All in all the article is talking about safeguards against the inflation or deflation of the currency
to be used under the contract. However, there is a caveat, that Art. 1250 will only apply in cases
where there is a contract or agreement involved. It cannot be applied in cases where the
obligation arises from law, independent of contracts.

Art. 1251. Payment shall be made in the place designated in the obligation.

There being no express stipulation and if the undertaking is to deliver a


determinate thing, the payment shall be made wherever the thing might be at the
moment the obligation was constituted.

In any other case the place of payment shall be the domicile of the debtor.
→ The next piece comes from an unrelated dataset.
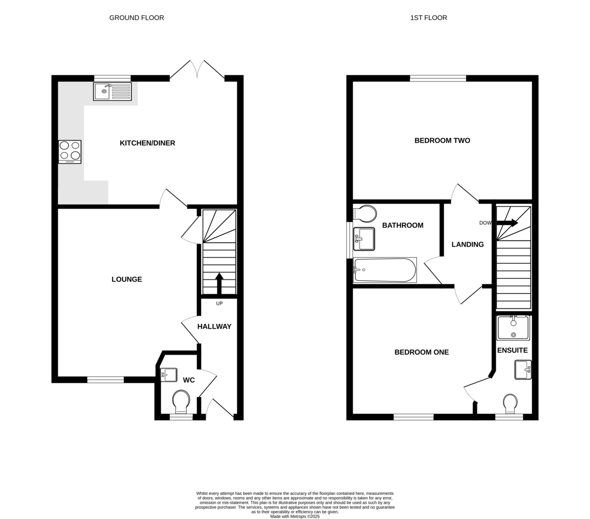 Upstairs, the landing connects to two bedrooms and the family bathroom. Bedroom One measures 10'8" x 9'7" with access to a stylish en-suite with a single shower cubicle, low-level WC, wash hand basin. Bedroom Two is a generous 13'10" x 7'0"

If the debtor changes his domicile in bad faith or after he has incurred in
delay, the additional expenses shall be borne by him.

These provisions are without prejudice to venue under the Rules of Court

Where Payment must be made:

1. If there is a stipulation – then the payment is to be at the place DESIGNATED

2. If there is NO stipulation:

a. If it is to deliver a determinate specific thing, then at the place the thing might be,
either habitually or usually, at the time the Obligation was CONSTITUTED. If
temporary e.g., when the thing is being shipped, then the payment should be made at
the domicile of the debtor.

b. If the obligation is to deliver any other thing (generic, or to give money, or obligation
is personal) then the payment should be made at the domicile of the debtor.
Art. 1252. He who has various debts of the same kind in favor of one and the same
creditor, may declare at the time of making the payment, to which of them the
same must be applied. Unless the parties so stipulate, or when the application of
payment is made by the party for whose benefit the term has been constituted,
application shall not be made as to debts which are not yet due.

If the debtor accepts from the creditor a receipt in which an application of


the payment is made, the former cannot complain of the same, unless there is a
cause for invalidating the contract.

Special Forms of Payment

There are four special forms of payment:

1. Application (or “imputation”) of payments ( Article. 1252 Civil Code)


2. Dation in payment (“adjudication en pago” or “datio in solutum”) Art. 1245, Civil Code.
3. Assignment in favor of creditors (“cessions”) Art. 1255, Civil Code.
4. Tender of payment and consignation. Art. 1256-1261 Civil Code.